Ou seja, ao tomar quatro cervejas em um churrasco, você pode considerar que ingeriu o equivalente a quatro pãezinhos. E, como explica a nutricionista, o problema não é só a bebida, mas o que costuma vir junto: petiscos, frituras e outros excessos que aumentam ainda mais o consumo calórico.

Além disso, a cerveja junta dois fatores complicados para quem quer perder peso: álcool (rico em calorias) e carboidratos simples, que são rapidamente convertidos em gordura pelo corpo quando não há gasto energético suficiente.

 

Água na refeição engorda? Mito!

Outro mito comum é o de que beber água durante a refeição engorda. A resposta é clara: não, não engorda. Segundo Danielle Fontes, o líquido não interfere no acúmulo de gordura, mas pode afetar, em alguns casos, o processo digestivo.

A preocupação com a diluição das enzimas digestivas existe, mas isso não é suficiente para transformar a água em vilã. Portanto, se você sente sede durante a refeição, pode beber sem culpa.

 

Carboidrato à noite: pode ou não pode?

A famosa dúvida sobre comer arroz e feijão no jantar ainda causa confusão. A nutricionista é categórica: o horário em que se consome o carboidrato não é o fator decisivo para o ganho de peso.
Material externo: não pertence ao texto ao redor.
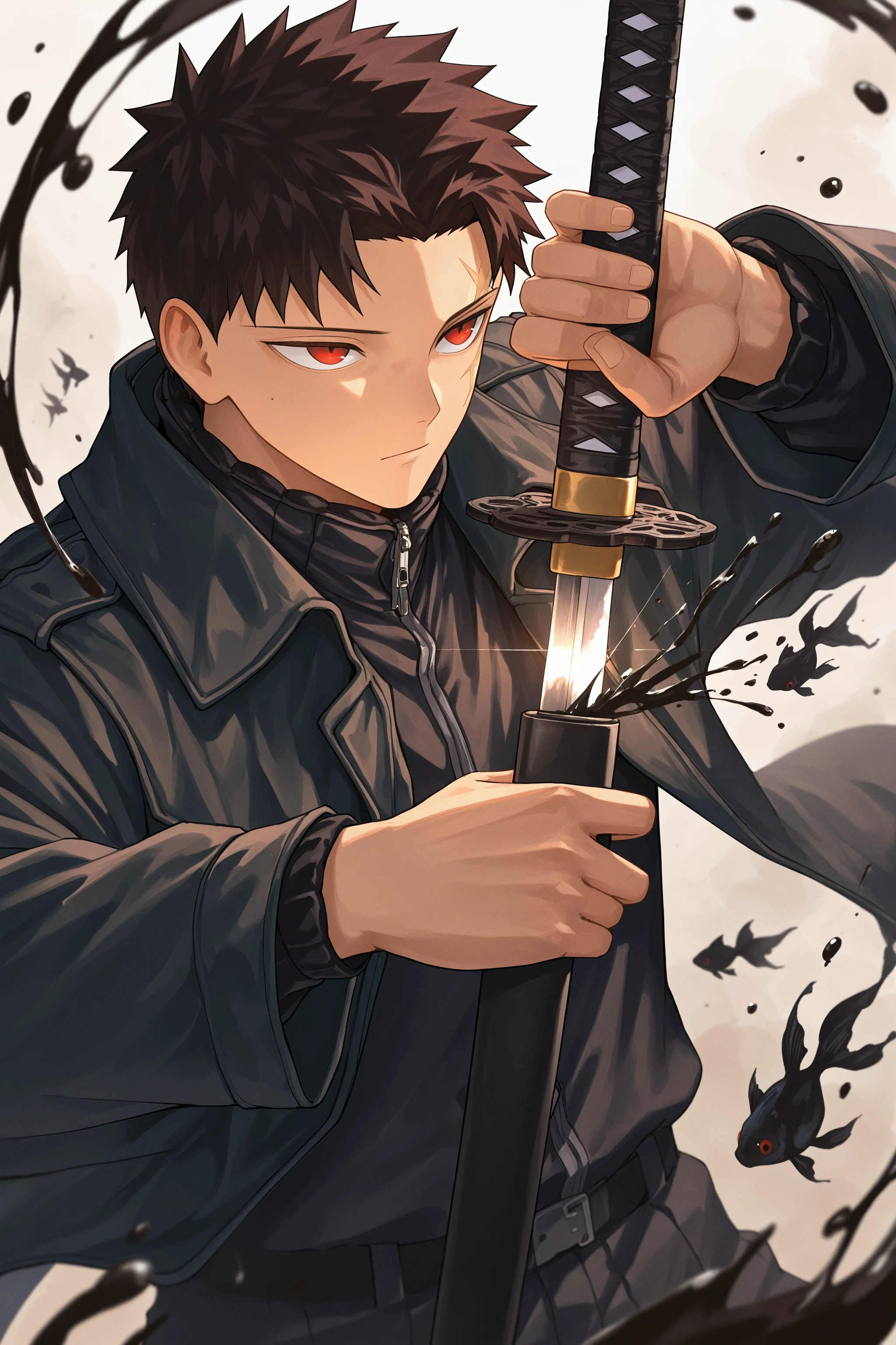 Main prompt: 1boy, chihiro rokuhira, red eyes, scar on face
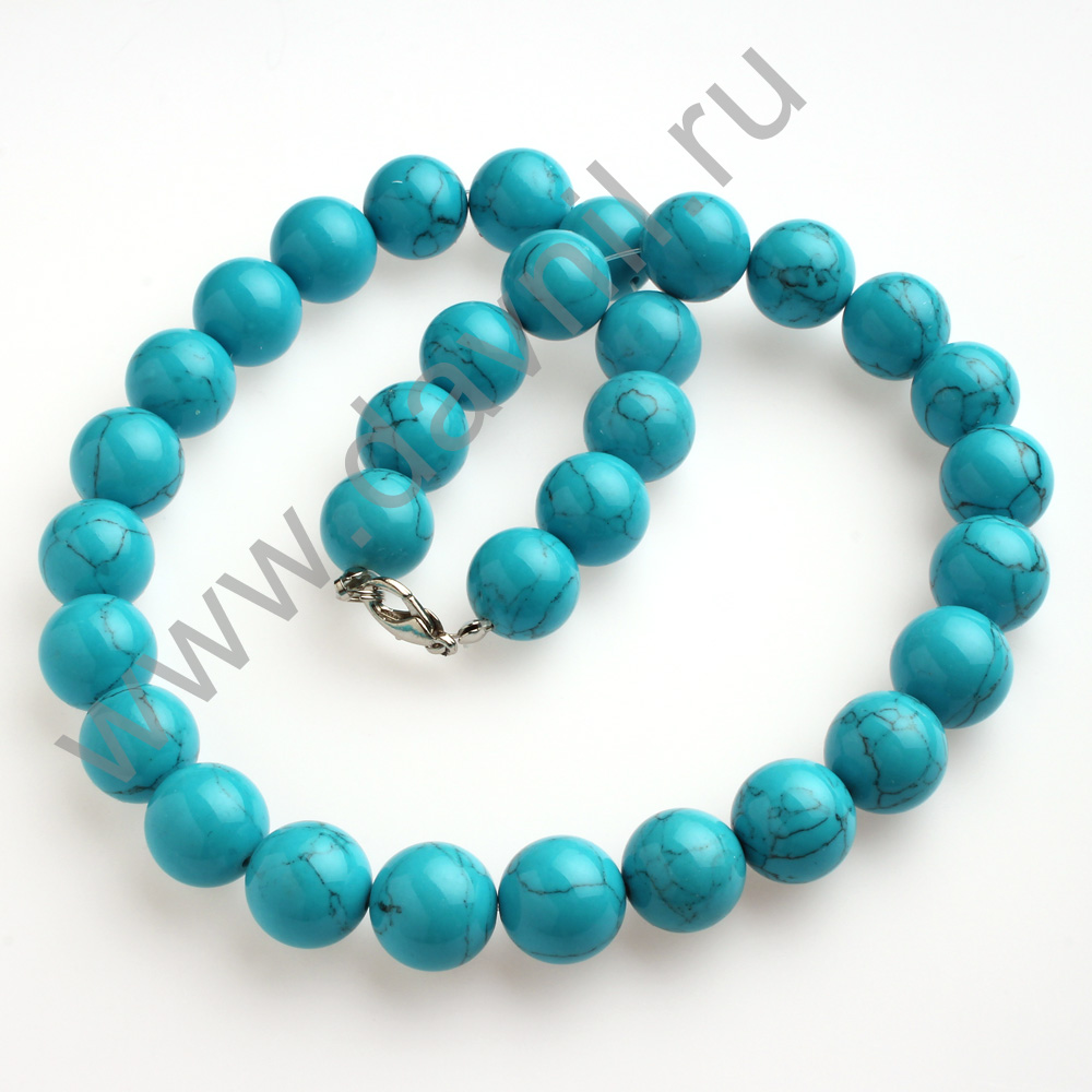 Бусы имитация камня бирюза 14 мм 45 см голубые
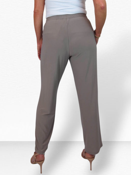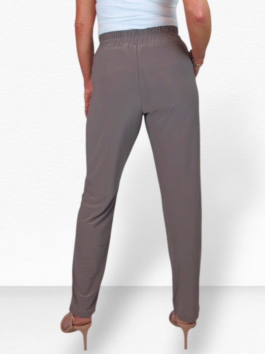 Women's Elasticated Waist Straight Leg Trousers Taupe
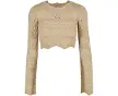 Le pull court pour femme présente un magnifique motif en tricot et crochet.Il est également doté de manches trompette avec bordure feston...
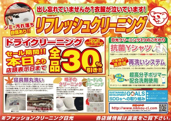 11月セール情報!!お得な割引クリーニング品30%OFF 11月25日(火)〜12月7日(日)まで|クリーンング日光|府中・多摩・八王子のクリーニング

O que realmente importa é o balanço calórico do dia. Se você ingere mais calorias do que gasta, vai acumular gordura — e isso pode acontecer no café da manhã, no almoço ou à noite. O segredo está em manter o equilíbrio diário, e não demonizar um prato tradicional e nutritivo.

Ovo: de vilão a mocinho da dieta

Por muitos anos, o ovo — especialmente a gema — foi acusado de aumentar o colesterol e prejudicar a saúde. Mas os estudos mais recentes mostraram o contrário: consumir de dois a três ovos por dia, dentro de uma alimentação balanceada, é seguro para a maioria das pessoas.

Além de ser uma excelente fonte de proteínas, o ovo oferece saciedade e versatilidade na cozinha. É um aliado da nutrição, e não um inimigo.

 

Abacate: calórico, sim — mas saudável

Aguacate
© Gil Ndjouwou – Unsplash

Outro alimento envolto em polêmicas é o abacate. Embora seja calórico, ele não engorda se consumido com moderação. Pelo contrário: é rico em gorduras boas, vitaminas e minerais.

O melhor? É super versátil. Pode ser usado em saladas, cremes, vitaminas, sobremesas e no tradicional guacamole. Um ótimo exemplo de como a qualidade do alimento é tão importante quanto a quantidade.

 

O verdadeiro segredo: equilíbrio

No final das contas, a mensagem da especialista é simples: não é preciso cortar tudo da sua vida, mas sim entender o valor e o impacto de cada escolha. Saber que uma cerveja equivale a um pão francês pode ajudar você a ajustar sua alimentação com mais consciência — sem culpa, sem extremismos.